Each line of the listing must be transcribed exactly, except for the images, which should be excluded.

BEGIN EXERCISE DATA

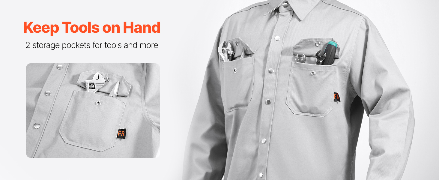 Naša žiaruvzdorná bunda vybavená 2 vreckami poskytuje úložný priestor pre vaše základné nástroje a osobné veci, čím zabezpečuje ich bezpečnosť a ľahký prístup a udržuje vás pripravených na danú úlohu.
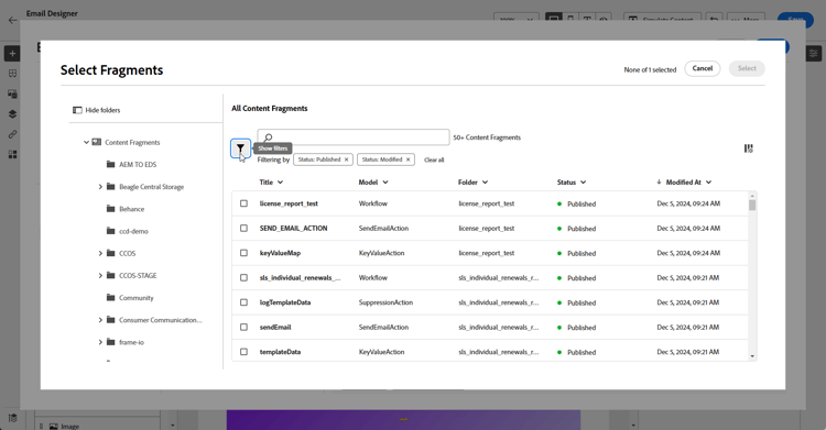 목록을 탐색하고 Journey Optimizer 콘텐츠로 가져올 콘텐츠 조각을 선택하십시오.
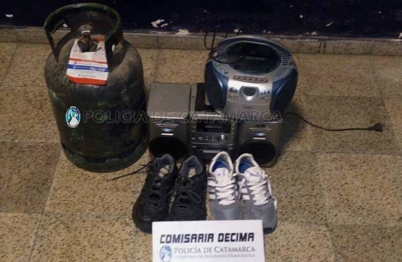 Ayer, a las 23, en el Pasaje Liberal del B° Virgen Niña, policías secuestraron una garrafa de gas de 10 Kg., un radiograbador, un Minicomponente, y dos pares de zapatillas.
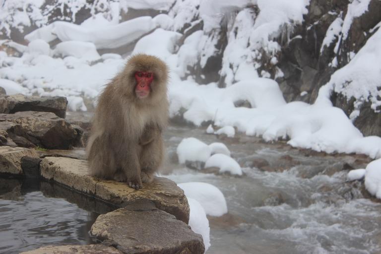 Keywords: snow monkeys macaque japanese jigokudani primate snow japan wildlife monkey onsen thermal bathing spa mammal animal outdoor winter hot bath cute nature spring water wild male alpha
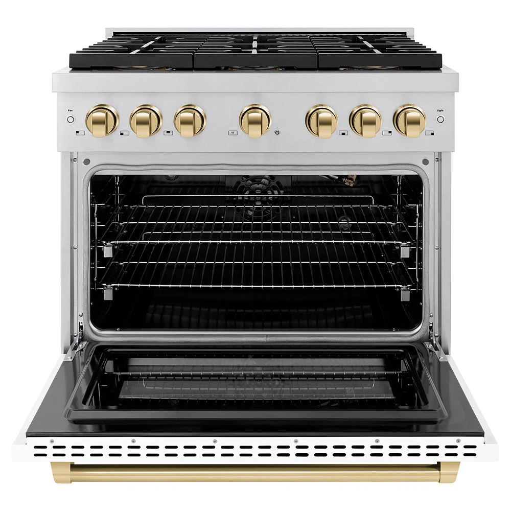 ZLINE Autograph Edition 36 In. 5.2 Cu. Ft. Paramount Gas Range With 6 Burner DuoPro™ Cooktop And Convection Gas Oven With White Matte Door And Polished Gold Accents (PSGRZ-WM-36-G)(Zline Autograph Edition 36 Paramount Gas Range Duopro Stainless Steel White Matte Polished Gold Psgrz Wm 36 G)
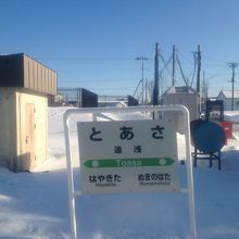 駅名の由来は、アイヌ語の「トワ サ」で羊歯の原、または、「ト アサム」で沼の奥、という意味の言葉からです。駅からいくら探しても海が見えないけど遠浅です。
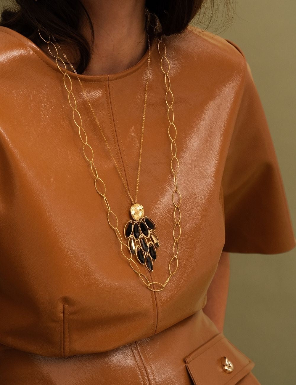 - Fermoir mousqueton et chaînette de réglage.
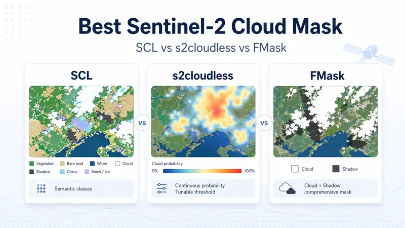 A practical comparison of Sentinel-2 SCL, s2cloudless, and FMask for near real-time monitoring, time-series analysis, and quality assurance workflows.
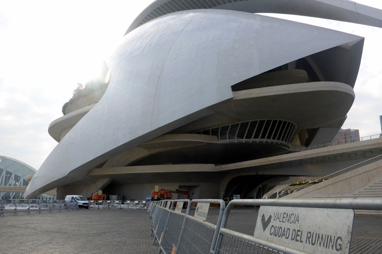 Das Palau de les Arts Reina Sofìa, eine extravagante Oper und Musikplast mit vier Sälen auf 37.000 m² passieren wir schon kurz zuvor auf dem Weg zur Messe. Die Pont de l`Assut de l`Or, eine Schrägseilbrücke, deren 125 Meter hoher Pylon den höchsten Punkt der Stadt bildet, rundet das Bild dieser futuristisch anmutenden Anlage ab. Im ersten Stock des Wissenschaftsmuseums können wir unsere Startnummern in Empfang nehmen. Hier herrscht noch Ruhe und alles ist herrlich relaxed. Dass Fossy die falsche Bestätigung zur Abholung ausgedruckt hat, spielt keine große Rolle. Zwei nette Damen an der Information scannen das mitgebrachte Blatt ein und schon hat auch Fossy seine Startnummer. Wir schlendern anschließend noch etwas durch die Messe, die sich kaum von anderen Marathonmessen unterscheidet. Abschließend bekommen wir noch eine prall gefüllte Tüte mit diversen Gimmicks und dem passenden Laufshirt.

END EXERCISE DATA

§ **RESULT OF THIS EXERCISE**:
 Naša žiaruvzdorná bunda vybavená 2 vreckami poskytuje úložný priestor pre vaše základné nástroje a osobné veci, čím zabezpečuje ich bezpečnosť a ľahký prístup a udržuje vás pripravených na danú úlohu.
 목록을 탐색하고 Journey Optimizer 콘텐츠로 가져올 콘텐츠 조각을 선택하십시오.
 Ayer, a las 23, en el Pasaje Liberal del B° Virgen Niña, policías secuestraron una garrafa de gas de 10 Kg., un radiograbador, un Minicomponente, y dos pares de zapatillas.
 Keywords: snow monkeys macaque japanese jigokudani primate snow japan wildlife monkey onsen thermal bathing spa mammal animal outdoor winter hot bath cute nature spring water wild male alpha
 ZLINE Autograph Edition 36 In. 5.2 Cu. Ft. Paramount Gas Range With 6 Burner DuoPro™ Cooktop And Convection Gas Oven With White Matte Door And Polished Gold Accents (PSGRZ-WM-36-G)(Zline Autograph Edition 36 Paramount Gas Range Duopro Stainless Steel White Matte Polished Gold Psgrz Wm 36 G)
 駅名の由来は、アイヌ語の「トワ サ」で羊歯の原、または、「ト アサム」で沼の奥、という意味の言葉からです。駅からいくら探しても海が見えないけど遠浅です。
 - Fermoir mousqueton et chaînette de réglage.
 A practical comparison of Sentinel-2 SCL, s2cloudless, and FMask for near real-time monitoring, time-series analysis, and quality assurance workflows.
 Das Palau de les Arts Reina Sofìa, eine extravagante Oper und Musikplast mit vier Sälen auf 37.000 m² passieren wir schon kurz zuvor auf dem Weg zur Messe. Die Pont de l`Assut de l`Or, eine Schrägseilbrücke, deren 125 Meter hoher Pylon den höchsten Punkt der Stadt bildet, rundet das Bild dieser futuristisch anmutenden Anlage ab. Im ersten Stock des Wissenschaftsmuseums können wir unsere Startnummern in Empfang nehmen. Hier herrscht noch Ruhe und alles ist herrlich relaxed. Dass Fossy die falsche Bestätigung zur Abholung ausgedruckt hat, spielt keine große Rolle. Zwei nette Damen an der Information scannen das mitgebrachte Blatt ein und schon hat auch Fossy seine Startnummer. Wir schlendern anschließend noch etwas durch die Messe, die sich kaum von anderen Marathonmessen unterscheidet. Abschließend bekommen wir noch eine prall gefüllte Tüte mit diversen Gimmicks und dem passenden Laufshirt.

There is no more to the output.